Descriptions of the information found in each column or row should be reported and defined in the CSV Data Dictionary (CSV_dd.csv).

Examples:

  • soil_H20
  • corr_delta13C_stdev

Units

Provide the units of measurement for the variable in one of the following ways:
    1. Immediately below the Column Name as a next row or immediately adjacent to the Row Name as next column; and/or
    2. Only in the CSV Data Dictionary (CSV_dd.csv)

Insert "N/A" when units aren't applicable.

Report and define additional information on units in the CSV Data Dictionary (CSV_dd.csv).

Represent data with units of measurement approved by the International System of Units (SI) or derived units (e.g., degree Celsius). Non-SI units are accepted for use and should be defined and referenced in the CSV Data Dictionary (CSV_dd.csv).

Example with units on a second row in the data matrix. Visualized in Excel.


Field structure

Consistent Values

All data within the Column or Row must use the same units of measurement. Do not mix text and numeric data within the same Column or Row.

Example of inconsistent values. The highlighted cells are inconsistent within the column by mixing in text and symbols. Visualized in Excel.


Missing Value Codes

All cells in the data matrix must have a value. Cells with missing data are represented with Missing Value Codes.

For Columns or Rows containing numeric data, use "-9999" as the Missing Value Code (or modify to match significant figures given the data). For Columns or Rows containing character data, use "N/A" as the missing value code. Missing values must be represented by values that can never be construed as actual data and must be consistent across variables.

Report all Missing Value Codes in the File-level Metadata whether following the reporting format guidance or using different Missing Value Codes.

Example of using Missing Value Codes in highlighted cells. Visualized in Excel.


Temporal Data

Temporal data can be entered as date only following the ISO 8601 standard (YYYY-MM-DD) and completed to known precision (e.g. YYYY-MM, YYYY). Time is not required, but all times must be preceded by a date if reported in the same field. If date and time are split between two fields, call one "date" and the other "time".

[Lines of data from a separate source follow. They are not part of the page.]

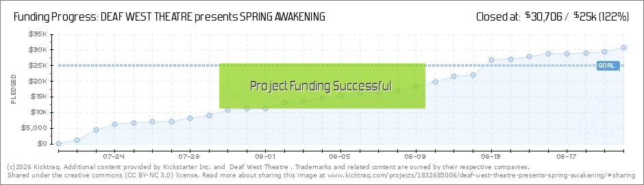 Today, we met our initial goal of $25,000! Thank you so much for the outpouring of support, which will make this amazing version of Spring Awakening possible! Pledges came in from all corners of the world, and we’re deeply grateful. But the good... (Read More)
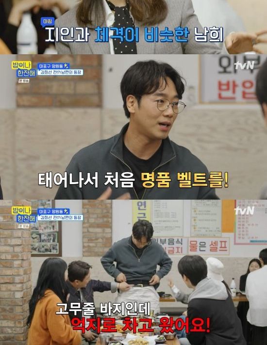 김남희는 "벨트를 선물해주셨는데 태어나서 처음으로 명품 벨트를 가진 거다. 이거 반바지이지 않냐. 고무줄 바지인데 억지로 차고 나왔다"라며 실제 김희선이 선물한 명품 브랜드의 벨트를 보여줬다.
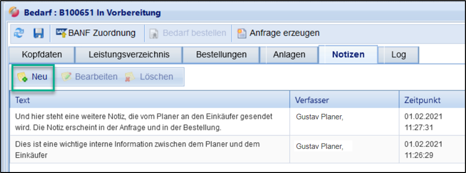 Zum Bedarf können beliebig viele Notizen angelegt werden. Notizen sind fortlaufend und sollen den Bearbeitern des Bedarfs zum Kommunikationsaustausch dienen.
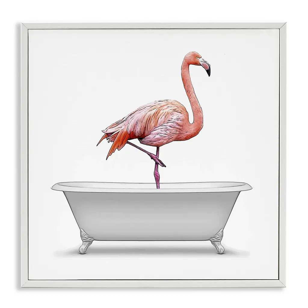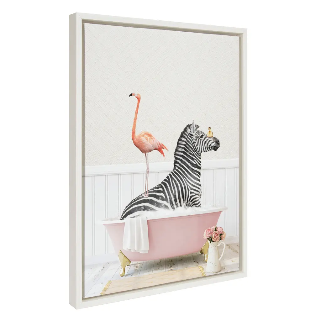 Make a bold impression on your house guests with this whimsical animal art piece by artist Amy Peterson. With its sleek modern frame, this fun, contemporary design is the perfect art piece to add to your home decor collection. Framed in the USA in Waunakee, Wisconsin, this floating canvas art will be a pleasure to look at every day in your living room, bedroom, nursery, or any room in the home. This art print also makes an excellent gift for birthdays, holidays, or house-warming parties. Printed on gallery-wrapped canvas and framed with a lightweight polystyrene frame, this wall art is easy to display on the wall. The outer dimensions are 18 inches by 24 inches by 1.6 inches. Print Name: "Zebra and Flamingo in Cottage Rose Bath"
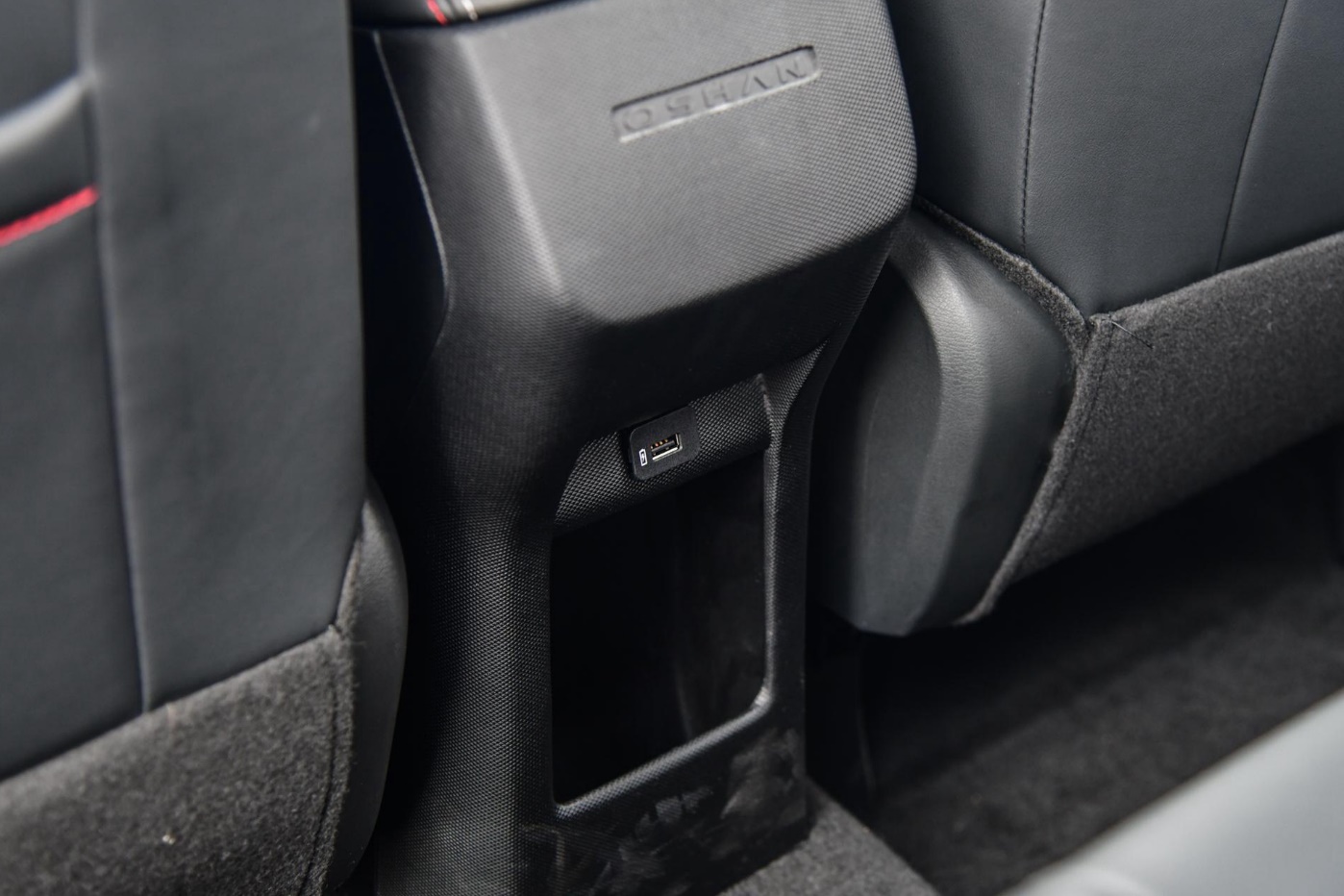 后排座椅材质和前排保持一致,乘坐软硬适中,另外,后排地板中央隆起幅度不大,不过因为中间部分的座椅偏硬并没有配备头枕,因此咖哥觉得长时间乘坐舒适性肯定没有两侧好。且全系车型后排都不带独立出风口,好在配备有一个USB-A充电接口。
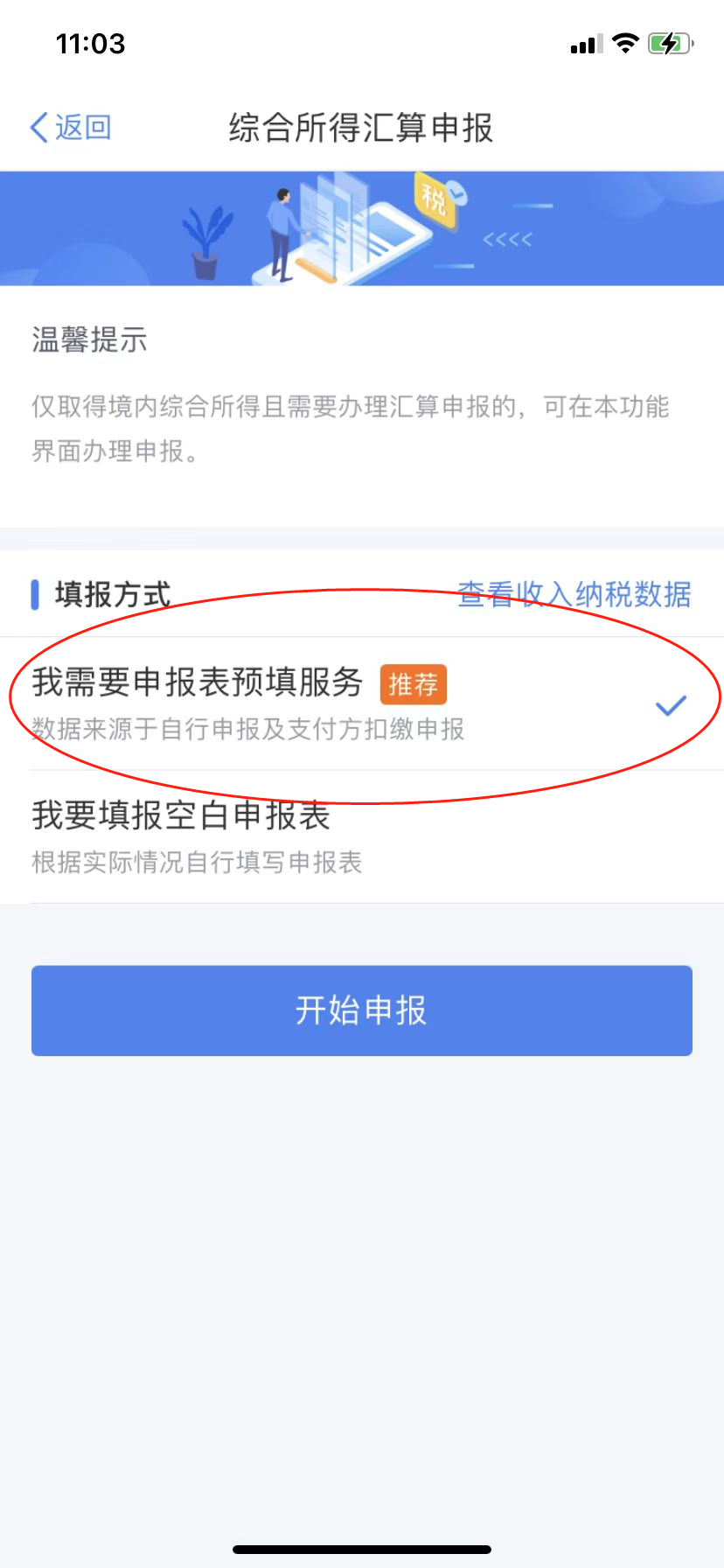 (三)选择填报方式,建议选择“我需要申报表预填服务”→“开始申报”,可快速进行申报。
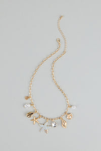 Serving beach babe energy even when you're nowhere near the sand. This charm necklace brings the coastal vibes with pearls, shells, and all the dreamy sea-inspired details.
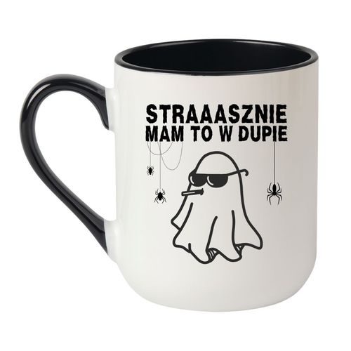 Kubek „Strasznie mam to w dupie” to mistrzowski mix czarnego humoru, luzu i halloweenowej atmosfery. Świetny do codziennej kawy, herbaty albo… magicznego napoju, który pomaga przetrwać dzień.
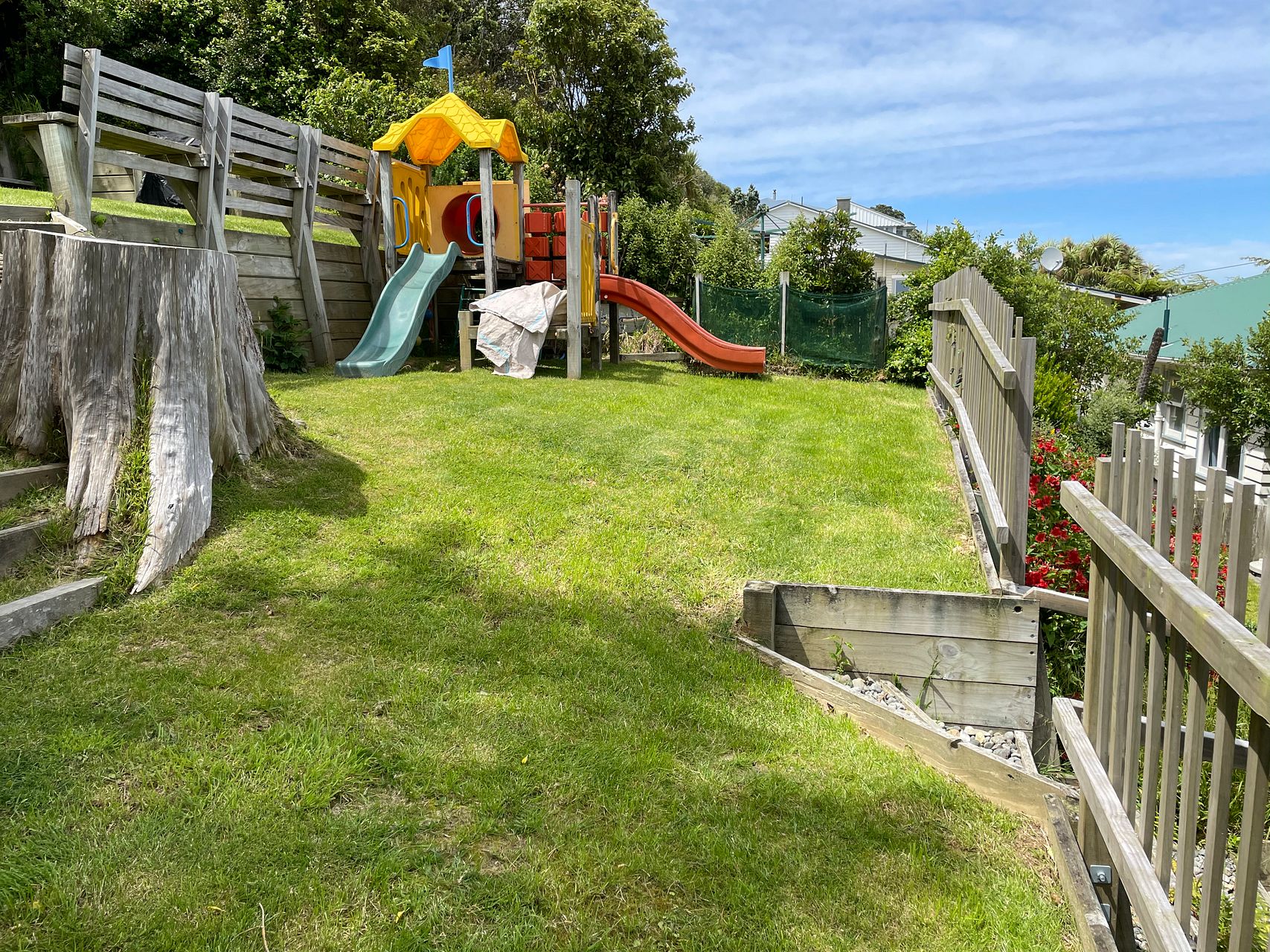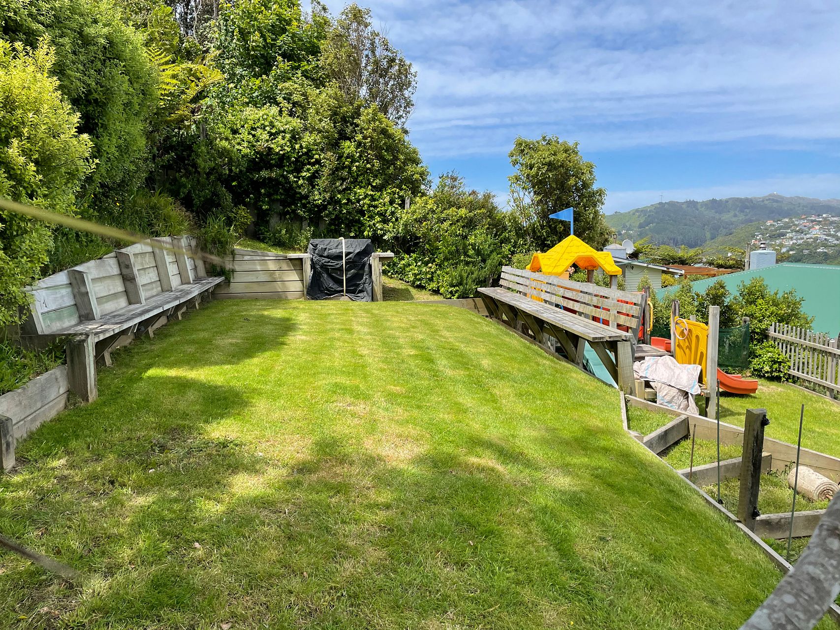 Situated above the road with great views across the valley and Karori for the last of the sun.
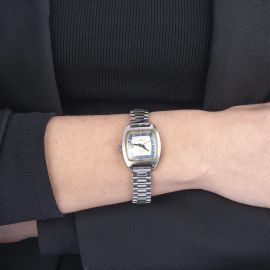 cassa tonneau in acciaio, fondello serrato con viti, corona marcata, quadrante argentè e blu, grafica nera, indici applicati, datario a ore tre, movimento a carica automatica, bracciale a maglie in acciaio con chiusura a scatoletta non originali, lungh. interna cm 20, vetro plastica. Dim. mm 25x33
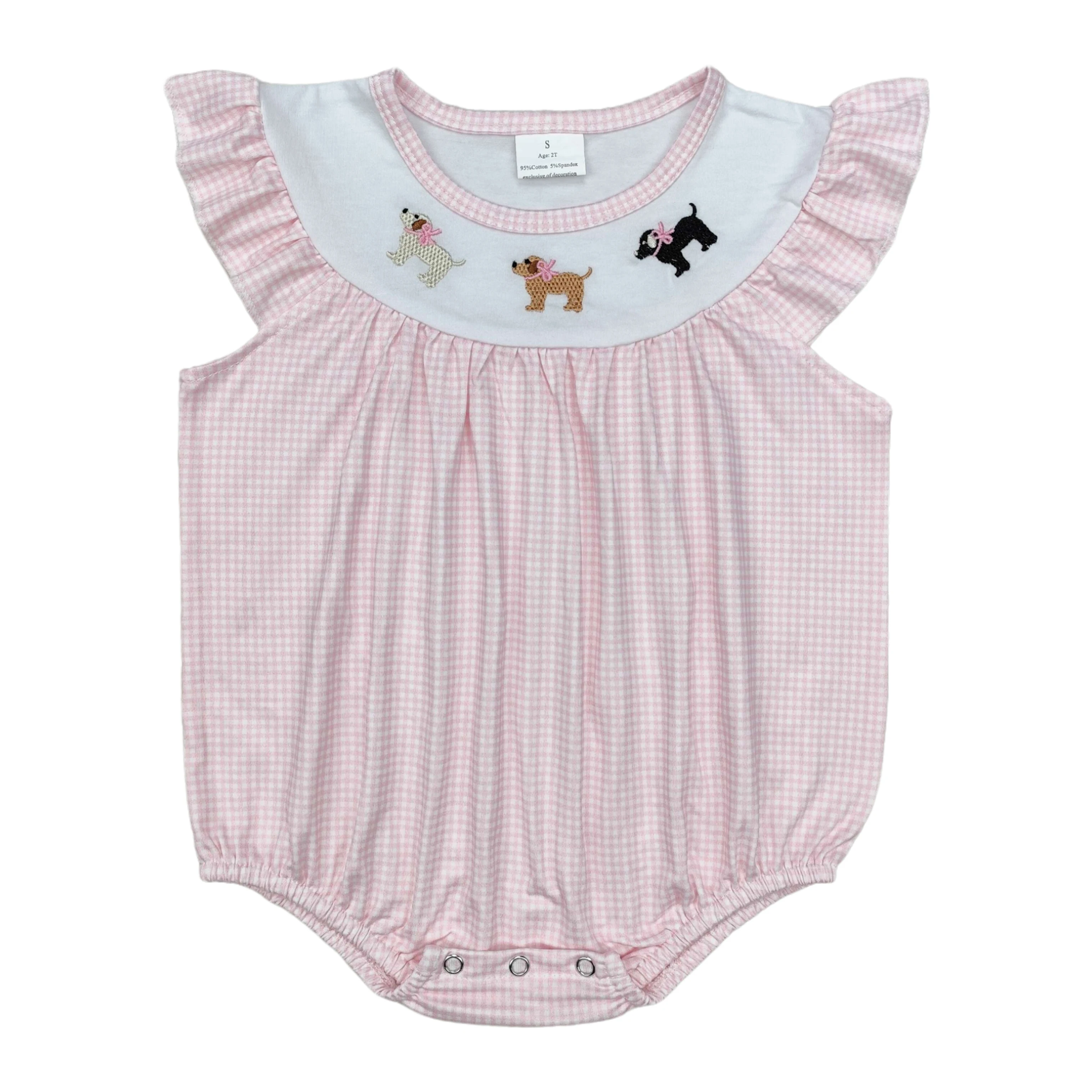 Wholesale Newborn Toddler Embroidery Bows Dogs Baby Girl Short Sleeves Bubble Romper Kids Children Smocked Pink Checked Jumpsuit

Times must be reported in Coordinated Universal Time (UTC) (YYYY-MM-DD hh:mm:ss) (use of "Z" and "T" characters are unnecessary) or Local Standard Time reporting offset or time zone in the File-level Metadata. Do not report time using Daylight Savings Time. Complete times to known precision (e.g. YYYY-MM-DD hh).

For timestamped data reported as intervals, specify the interval in the Column or Row Name or in CSV Data Dictionary (CSV_dd).

Temporal data using different data standards can be provided as a separate variable (i.e., in an adjacent column) but only in addition to UTC format or Local Standard Time.

In cases where the entire file consists of temporal data collected at a single date and time, the date and time must be reported in the File-level Metadata.


Temporal Data Range

Present the range timestamped data as paired columns or rows for start and stop times (e.g., "dateTime_start" and "dateTime_end" or "time_start" and "time_end").

The Column or Row Names for timestamped data that are given as a range should specify if the measurement is the start, stop, or midpoint value, or be explained in the CSV Data Dictionary (CSV_dd).


Spatial Data

Provide all geographic coordinates in WGS84 decimal format. Provide latitude and longitude as separate variables (i.e., in an adjacent field). For geolocated records, each row in the data matrix must contain coordinates.

Spatial data using different standards can be provided as a separate variable (i.e., in an adjacent field) but only in addition to WGS84 decimal format.

In cases where the data file does not include geographic coordinates for each Column or Row in the data matrix and the entire file consists of measurements collected at a single location, the geographic coordinates must be reported in the File-level Metadata either as a single point location or bounding box.